Launch date: 08-Aug-1989 23:25 UT
Mission end: Aug-1993
Launch vehicle: Ariane-4
Launch mass: 500 kg
Mission phase: Archive
Orbit: Highly elliptical 10-hour orbit
Achievements: Hipparcos is the first space mission dedicated to measuring the positions of the stars. Hipparcos helped to:
  • predict the impacts of Comet Shoemaker-Levy 9 on Jupiter
  • identified stars that will pass close to the Sun
  • established the distances of stars possessing planets
  • discovered that the Milky Way is changing shape
  • identified a group of stars that invaded our Galaxy when it was young
  • altered the cosmic distance scale, making the Universe bigger and younger
  • confirmed Einstein's prediction of the effect of gravity on starlight

Unique to Europe was the very first space mission for measuring the positions, distances, motions, brightness and colours of stars - for astrometry, as the experts call it. ESA's Hipparcos satellite pinpointed more than 100 000 stars, 200 times more accurately than ever before. As astrometry has been the bedrock of the study of the Universe since ancient times, this leap forward has affected every branch of astronomy.

The primary product from this pioneering and successful mission was a set of stellar catalogues, The Hipparcos and Tycho Catalogues, published by ESA in 1997.

Mission Objectives

The following goals were those adopted at the time of, or in the case of the Tycho experiment soon after, the formal adoption of the project by ESA (i.e. around 1980).

Main Experiment
Number of stars 100 000
Limiting magnitude V = 12.4 mag
Complete to V = 7.3 - 9.0 mag (*)
Positional accuracy 0.002 arcsec (B=9 mag)
Parallax accuracy 0.002 arcsec (B=9 mag)
Proper motion accuracy 0.002 arcsec per year (B=9 mag)
Systematic errors <0.001 arcsec 

Tycho Experiment
Number of stars >400 000
Limiting magnitude B = 10 - 11 mag
Positional accuracy 0.03 arcsec (B=10 mag)
Photometric accuracy 0.05 mag in B and V (per observation)
Observation per star approx. 100

*depending on galactic latitude and spectral type

Additional results on photometry, variability and double and multiple stars, not foreseen in detail at the time of the mission's acceptance, also appear as part of the final mission products.
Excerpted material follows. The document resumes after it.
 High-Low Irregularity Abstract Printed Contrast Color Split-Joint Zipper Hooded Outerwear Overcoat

The actual results achieved by the mission in all case supersede these expected performances.

Mission Name

Hipparcos is an acronym for High Precision Parallax Collecting Satellite. This name, and that of Tycho, honour great astrometrists of classical and early modern times, Hipparchus the Greek (190-120BC) and Tycho Brahe the Dane (1546-1601).

Spacecraft

The satellite has been described in the literature on several occasions, and a comprehensive description of the satellite, the Input Catalogue and the data reductions has been given in ESA SP-1111. The payload  was centred around an optical all-reflective Schmidt telescope. A novel feature of the telescope was the beam combining mirror, which brought the light from the two fields of view, separated by about 58 degrees and each of dimension 0.9 x 0.9 degrees, to a common focal surface, and thus achieved both large- and small-field measurements simultaneously. The satellite swept out great circles over the celestial sphere, and the star images from two fields of view were modulated by a highly regular grid of 2688 transparent parallel slits located at the focal surface and covering an area of 2.5 x 2.5 cm².
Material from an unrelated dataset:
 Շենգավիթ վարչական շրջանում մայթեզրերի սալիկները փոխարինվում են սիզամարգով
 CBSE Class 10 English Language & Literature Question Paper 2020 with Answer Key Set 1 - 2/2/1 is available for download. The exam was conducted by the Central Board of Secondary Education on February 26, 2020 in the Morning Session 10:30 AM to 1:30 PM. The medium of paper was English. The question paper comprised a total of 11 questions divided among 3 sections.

The satellite was designed to spin slowly, completing a full revolution in just over two hours. At the same time, it was controlled so that there was a continuous slow change of direction of the axis of rotation. In this way the telescope was able to scan the complete celestial sphere several times during its planned mission.

Orbit

Hipparcos operated in a highly elliptical orbit, following the failure to reach its nominal geostationary orbit.

Operations Centre

The Hipparcos satellite was controlled by the ESOC operations control centre. The satellite was tracked by three ground stations - Odenwald (Germany), Perth (Australia) and the NASA Goldstone station (USA) - compared with the single ground-station originally foreseen.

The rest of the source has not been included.